For memory-constrained settings, use use_sparse=True.
Empirical Coverage¶
Coverage of the interval formed by the outermost quantile predictions (e.g., [0.05, 0.95] for 7 quantiles). Marginal coverage is broadly similar across methods on this synthetic benchmark, though the independent fits can deviate more when crossings are severe.

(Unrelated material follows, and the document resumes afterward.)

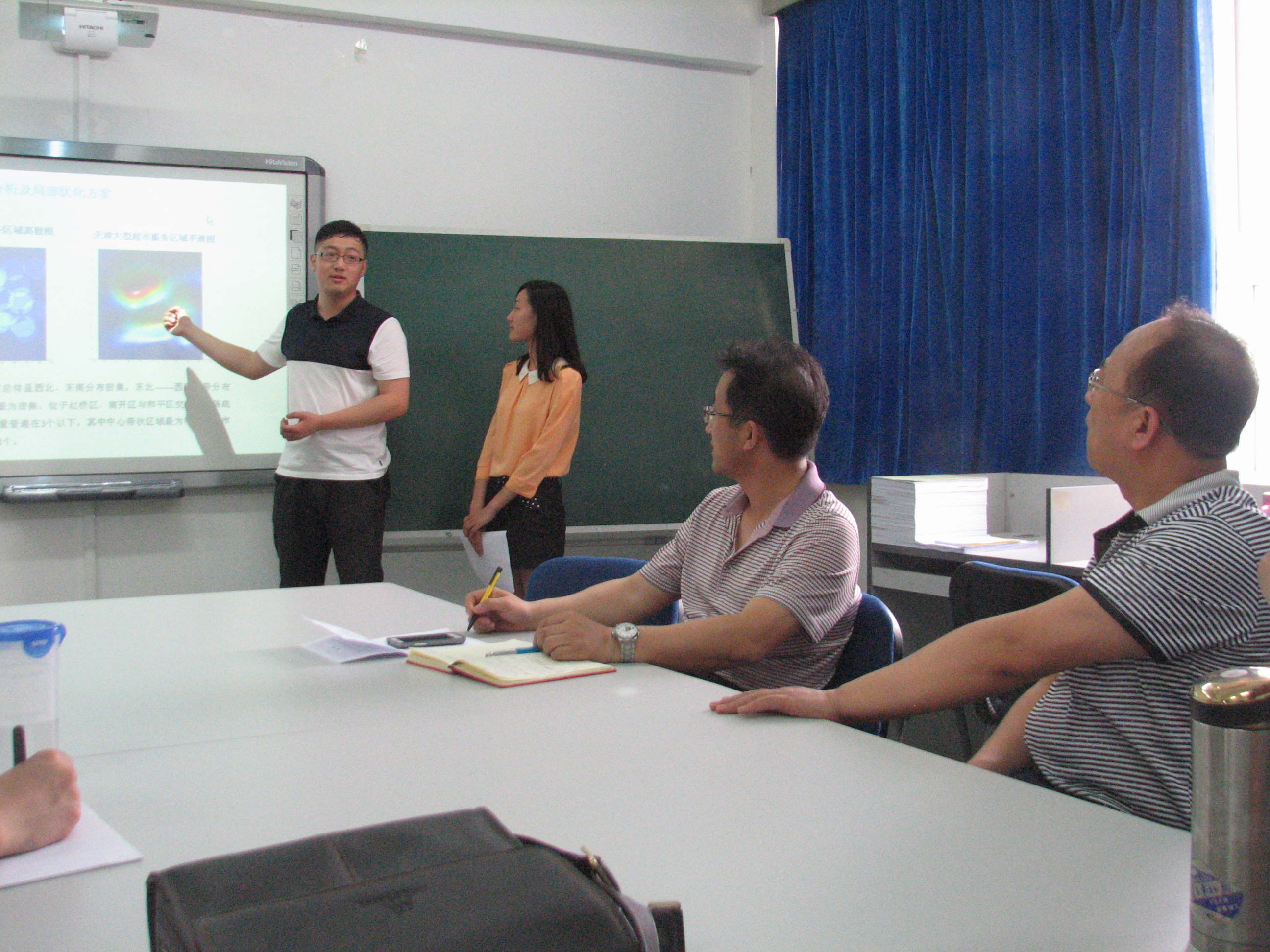 首先,安经理强调了老员工创新创业项目在培养创新性人才方面的重要作用;然后,两个项目的负责人从项目研究的目的、内容、研究过程、研究成果及收获与体会等方面进行了详细的汇报;接着,与会评委老师就项目的创新点、研究方法、取得的成果及进一步研究内容等方面进行了提问、交流与评价,同时针对存在的不足给出了建设性的意见或建议;纪多多老师对项目组成员所付出的努力、取得的成效给予了肯定,并就结题过程中的一些注意事项做了进一步说明;最后,评审老师经过讨论一致认为:在兴趣的驱动下,两个项目的项目组成员围绕项目的研究目标,通过查阅资料、问卷设计、抽样调查、数据录入与整理、统计建模与分析、软件应用、结论分析等自主实践过程,按时完成了既定的研究任务,强化了专业应用技能;同时还有几位同学从事了与项目研究的相关工作,拓展了员工的就业领域,培养了员工解决实际问题的创新能力,取得了良好效果。通过综合比较,推荐杨贞誉同学主持的《天津市大型超市分布的调查分析及优化设计》参加公司举办的首届国家级老员工创新创业训练计划项目结题公开答辩会。

| n | p | quantiles | Nominal | quantile-guard | sklearn | statsmodels |
|---|---|---|---|---|---|---|
| 500 | 10 | 7 | 90% | 93.0% | 92.0% | 92.0% |
| 500 | 10 | 13 | 98% | 97.0% | 94.0% | 94.0% |
| 1,000 | 10 | 7 | 90% | 89.5% | 89.0% | 88.5% |
| 1,000 | 10 | 13 | 98% | 98.0% | 95.5% | 95.5% |
| 2,000 | 20 | 7 | 90% | 89.0% | 88.2% | 88.2% |
| 2,000 | 20 | 13 | 98% | 95.8% | 93.8% | 93.8% |
| 5,000 | 20 | 7 | 90% | 89.1% | 89.1% | 89.1% |
| 5,000 | 20 | 13 | 98% | 97.6% | 97.7% | 97.7% |
For better-calibrated intervals, use Conformalized Quantile Regression.
Test Data¶
All benchmarks use synthetic data with:
- Heavy-tailed noise: Student-t with 3 degrees of freedom
- Heteroscedasticity: noise scale grows with feature values
- Fixed seed: fully deterministic and reproducible
This is deliberately challenging data. On well-behaved Gaussian data, crossing rates would be lower — but the guarantee still matters for production pipelines.
Beyond Accuracy: The Full Toolkit¶
quantile-guard is more than a quantile regressor. The benchmark comparison above covers only the core fitting — the package also provides:
| Capability | What it adds |
|---|---|
| Standard errors | Analytical, kernel, cluster-robust, bootstrap |
| Conformal calibration | Built-in CQR with finite-sample coverage guarantees |
| Calibration diagnostics | Coverage by group, bin, feature; sharpness analysis |
| Evaluation metrics | Pinball loss, coverage, interval score, crossing rate |
| Crossing detection + repair | Diagnose and fix crossings from any model |
| Censored QR | Right- and left-censored survival models |
| Regularization | L1, elastic net, SCAD, MCP |
sklearn's QuantileRegressor does not provide this end-to-end workflow, and statsmodels' QuantReg covers only part of the inference story.
Reproducing These Results¶
Results are deterministic (fixed random seeds). Raw CSV output includes Python version, platform, and package version metadata.
See benchmarks/README.md for details.